Был бы помоложе, ринулся с вами. А так, отвоевал я свое, состарился, костью
измельчал.
Измельчал уж, подумал Авенир. Да в тебе сил, как в муравите, только щетинок
маловато. Волхв опрокинул пиалу с чаем:
– Состарился, а детишек не наплодил. Заслужился королю?
Буденгай посерел, взгляд заблуждал где-то вдалеке. Тихо молвил:
– Есть у меня дочь. Статная, красивая. Вот только умом не вышла, странная
очень. Говорят, что духа лесного прогневила, вот он разум и забрал. Живет где-то
неподалеку, раз в год навещает, только тяжко мне с нею. Был сынишка еще
приемный…
Гигант сглотнул, залпом осушил кубок с медовухой:
– Убёг из дому в отрочестве. Крепкий был, веселый. Да вот беда – руки как
стальные. Не здесь это было, далеко в деревеньке Саузри. Шел день посвящения.
Дети прыгали через костер, становились взрослыми, выбирали жен. А он девицу
так схватил, что сломал ей рученьки. И убежал. Я думал, что попал он к жрицам
богини Мокошь. Они тогда детей десятками крали. Снарядил отборных воинов и
следопытов. Набрели на их лагерь. Я по случайности опоздал, конь подо мной пал, заставил себя не ждать. Догнал своих к утру. Но демоны настигли жриц раньше
нас, а потом бросились на отряд. Выжило лишь несколько человек, и то остались
калеками и безумными.
Марх сожалеюще кивнул:
– Добил? Это по-чести.
– С тех пор прошло много лет. После смерти жены – рано она ушла – скитался, потом служил королю, но подал на покой, заметив, что тот перегибает с магией. В
то время Зуритай уже брал девиц для жертв. Мы думали, что для утех – это дело
дозволенное, но когда услыхали вопли убиенных, да ночами призраков стали
зреть… Многие ратники ушли, некоторые, особо дурные, остались. А я вот, живу
мирно, хозяйничаю. Хватит мне боевых будней.
Тарсянин уперся взглядом в скатерть:
– Да, ты прав. Это нам, молодым, все по кочкам скакать, да злодеев бивать.

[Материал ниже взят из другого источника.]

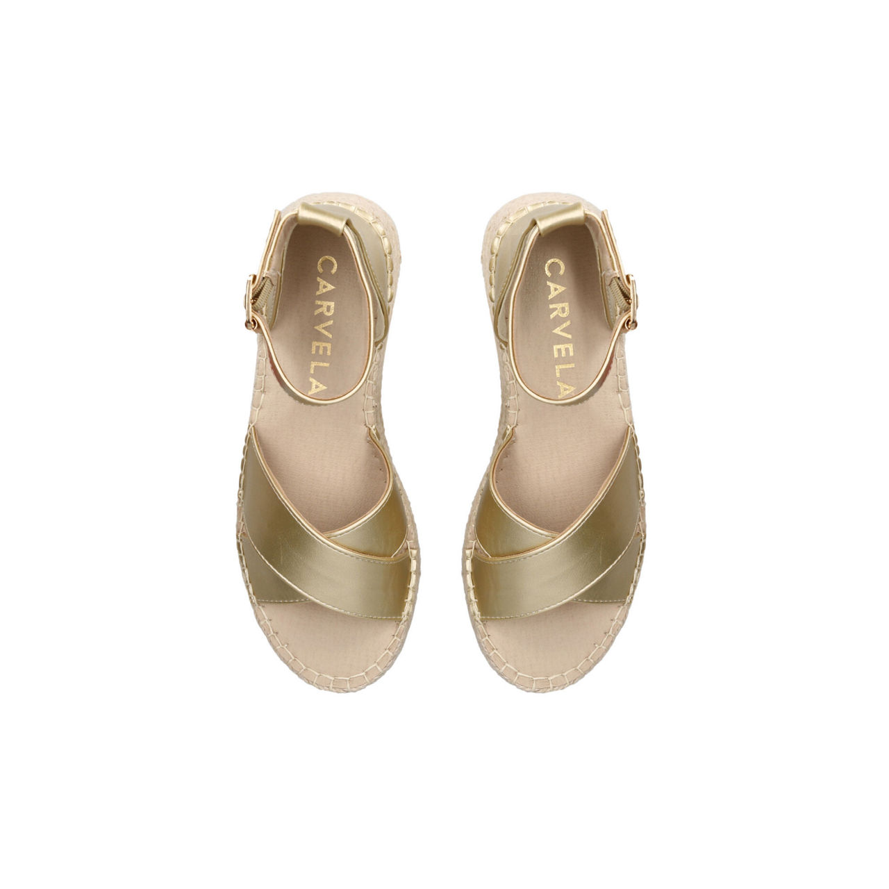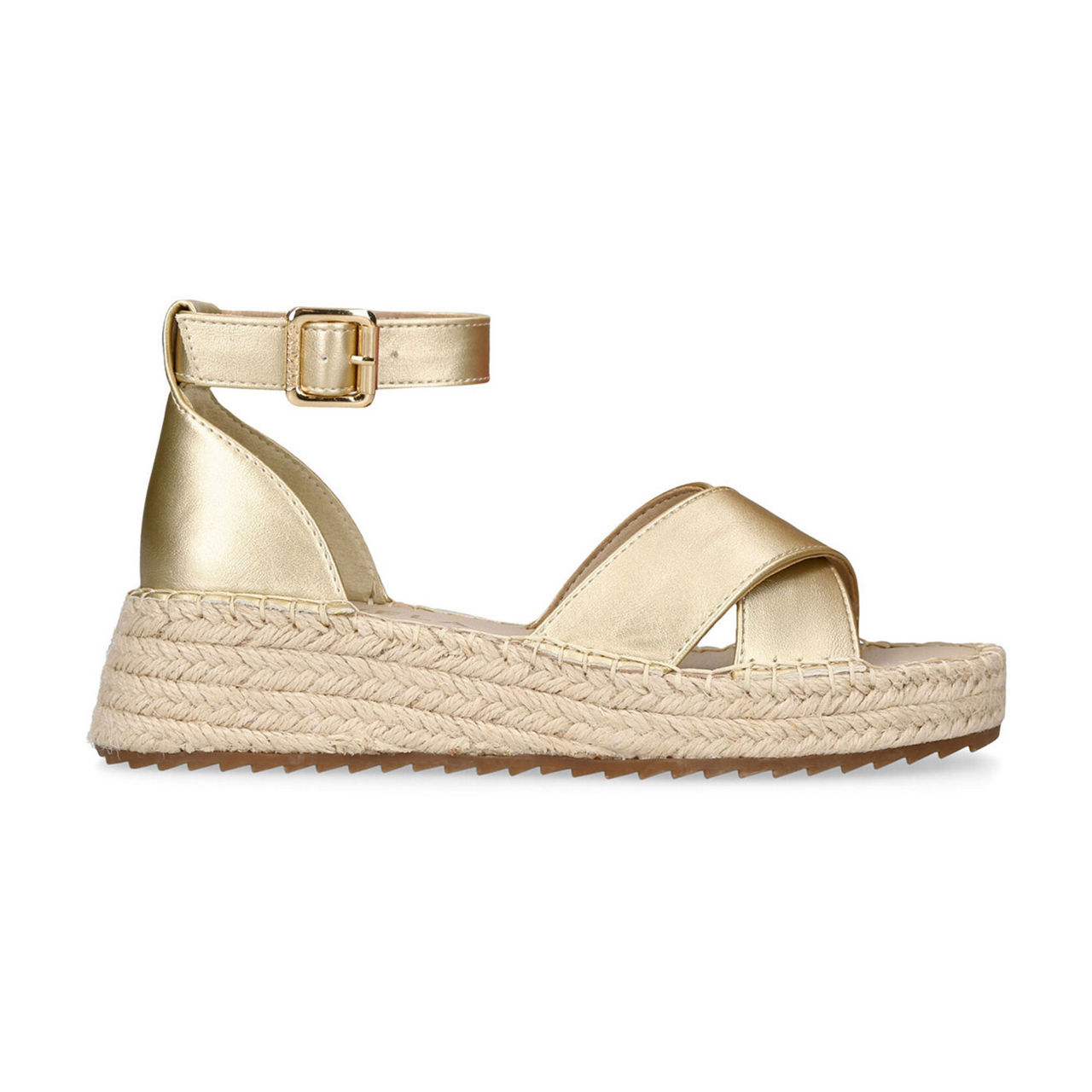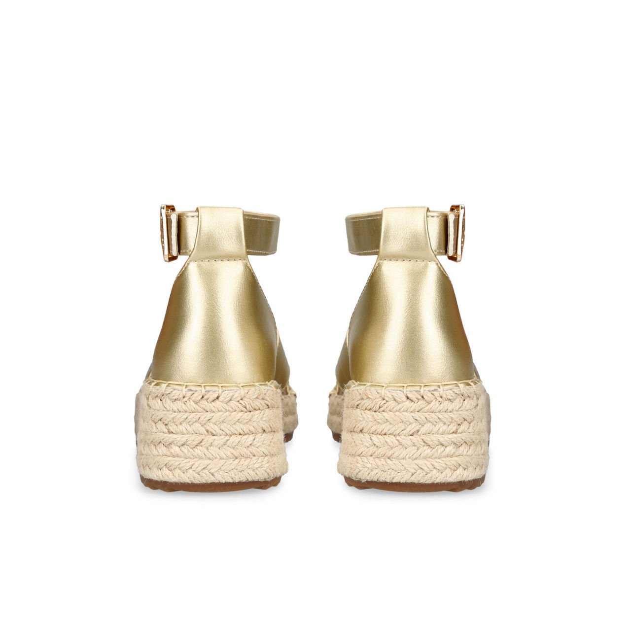 - Gold upper with crossed straps at the toe, buckled ankle strap, espadrille sole
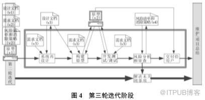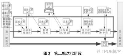 接下来,执行系统的编码、调试以及测试直到满足需求和系统设计。原型完成后,将其展现给用户。用户和开发者一起检查创建的系统,可能发现新的需求,或已有需求需要变更。与之前的迭代一样,新的或修改的需求全部被文档化,附加在原需求文档上。在最后阶段,与上一轮迭代一样,通过会议的形式进行一次项目组内审查/风险审查。该阶段活动如图3所示。
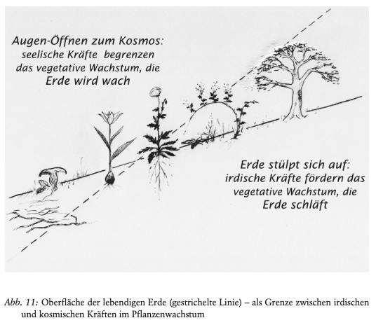 Aus den Ergebnissen der Geistesforschung beschreibt Rudolf Steiner die Erde als einen lebendigen Organismus mit Seele und Geist. Auf diesem Hintergrund kann das Blühen der Pflanzen als eine seelische Wirkung verstanden werden, mit Kräften, die von aussen in das Pflanzenwachstum hereinwirken. Die Pflanzen bilden die sichtbare Hülle dieser lebendigen Erde und bilden gleichzeitig eine Art Grenze zur seelischen Umgebung, indem das rein vegetative Wachstum durch die Blüteninduktion zum Abschluss kommt. Dadurch wird die Oberfläche des lebendigen Erdorganismus markiert. Als übergeordnete Metamorphose im Pflanzenreich lässt sich darstellen, wie die Pflanzengestalt davon abhängt, auf welchem Niveau die Kräfte aus dem Seelenraum der Erde mit den aufbauenden Lebenskräften der Erde ins Gleichgewicht kommen. So wie beim Menschen der Abbau des Leibes durch die seelische Aktivität am Tage in der Nacht wieder regeneriert werden muss, kann auch beim Erdorganismus von Schlafen und Wachen gesprochen werden, einerseits im Jahresrhythmus, andererseits aber auch im unterschiedlichen Wuchs der Pflanzen.

Авенир подавил смешок. Марху уже под сорок, в это время удачливые
воеводы в дворцах за скамьями сидят, да усы в меду мочат, а он еще молодым себя
зрит. Тот продолжал:
– Мудрость, она же с годами приходит. Мы-то безмозглые! Куда прем? В
гиблое место с проклятыми ругаться. Мстить за тех, которые погибли в бою с
демонами! Честь отстаивать, эка бравость.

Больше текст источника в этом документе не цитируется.